What are natural gas hydrates?

By: Talal Al-Khatib
Wikimedia Commons

Natural gas hydrates are ice-like structures in which gas, most often methane, is trapped inside of water molecules. Unlike the ice we’re all familiar with that’s derived entirely from water, gas hydrates are in fact highly flammable, a property that makes these crystalline structures both an attractive future energy source as well as a potential hazard.

Hydrates are a much more abundant source of natural gas than conventional deposits. According to the U.S. Geological Survey, global stocks of gas hydrates range account for at least 10 times the supply of conventional natural gas deposits, with between 100,000 and 300,000,000 trillion cubic feet of gas yet to be discovered.


If these sources of natural gas could be safely, efficiently and cheaply tapped into, gas hydrates could potentially displace coal and oil as the top sources of the world’s energy.

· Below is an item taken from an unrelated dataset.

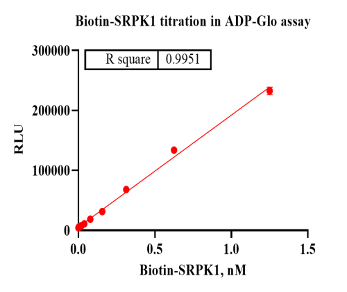 Activity Identification:The Biotin-SRPK1 activity was detected using Ultra Luminescence technology. The reaction was performed by incubating the Biotin-SRPK1 protein, ATP and substrate at 25℃ for 60 min, then adding ADP-Glo reagent and reading RLU signal with BMG.
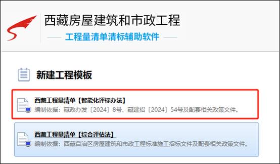 1. 打开软件,在新建工程的模板里面选择西藏工程量清单【智能化评标办法】模板,如图示:

But that’s a big "if."

The Hydrates Hunt

Although methane hydrates can be found in permafrost, the majority of the supply of gas hydrates can be found thousands of feet — at least 1,600 feet in fact — below the sea’s surface where the gas molecules crystallize amidst the cold ocean depths.

Because of the depths at which these potential energy sources can be found, information is lacking regarding composition and volume of gas hydrates and different sites. Scientists believe that these hydrates tend to form along continental fault lines and have inferred sites where large supplies of natural gas hydrates can be found. This means that any effort to tap into this energy source is hampered by not knowing exactly where to look, what energy suppliers could expect to find or even the best way to exploit the resource.


Burning Ice as Frozen Fuel

Like any other fossil fuel, gas hydrates are hydrocarbon chains composed of carbon and hydrogen. As HowStuffWorks.com’s William Harris reports, gas hydrates hold “twice as much carbon as Earth’s other fossil fuels combined.” Put another way, 1 percent of natural methane hydrates could power the United States for 170,000 years, Harris explains. Given that the United States likely has an ample supply of deep-sea gas hydrates along its coastline, particularly off the shores of Alaska, gas hydrates could promise the country an energy-independent future.

According to an article by AFP written over the summer, Japan, a nation currently dependent on foreign suppliers of fossil fuels to meet its energy needs, will conduct the world’s first-ever offshore extraction of deep-sea hydrates, with plans to conduct the first drilling tests in 2013. In Canada, technology originally designed in Japan was first used to extract methane from gas hydrates in permafrost in 2008.


Department of Energy

These efforts are just preliminary research, however. Large-scale commercial operations meant to exploit gas-hydrate deposits are at least a decade away.


The Dangers of Hydrates

On the evening of April 20, 2010, a bubble of methane gas, derived from gas hydrates in the depths of the Gulf of Mexico, rose up the drill column of the Deepwater Horizon oil rig, expanded as it came closer to the surface and exploded. A total of 11 workers, two engineers and nine of the rig crew, died as a result of the explosion. Five months past before the oil spill was contained, which created one of the worst environmental disasters in U.S. history.

As evidenced by the tragedy that occurred on the Deepwater Horizon rig, methane hydrates can be volatile and already present a danger to existing deep-sea oil drilling operations. Although oil companies used to shun deep-sea drilling around sites with gas hydrates, drilling into these areas has become an industry-wide practice over the last 10 to 15 years, as reported by Discovery News’ Eric Niiler, and could lead to more of the kinds of disasters of the Deepwater Horizon variety.


And that’s just on existing rigs. Drilling operations intended to extract methane from hydrates would have to cope with the volatile nature of the gas and its expansion as it rises to the surface from a high-pressure to low-pressure environment.

Finally, methane is a greenhouse gas. Although it could lead to clean-burning energy, methane that escapes into the atmosphere is even worse for the environment than carbon. To not only avoid an environmental catastrophe but also ensure an efficient extraction operation, any efforts to tap into gas hydrates as an energy source would have to minimize leaks.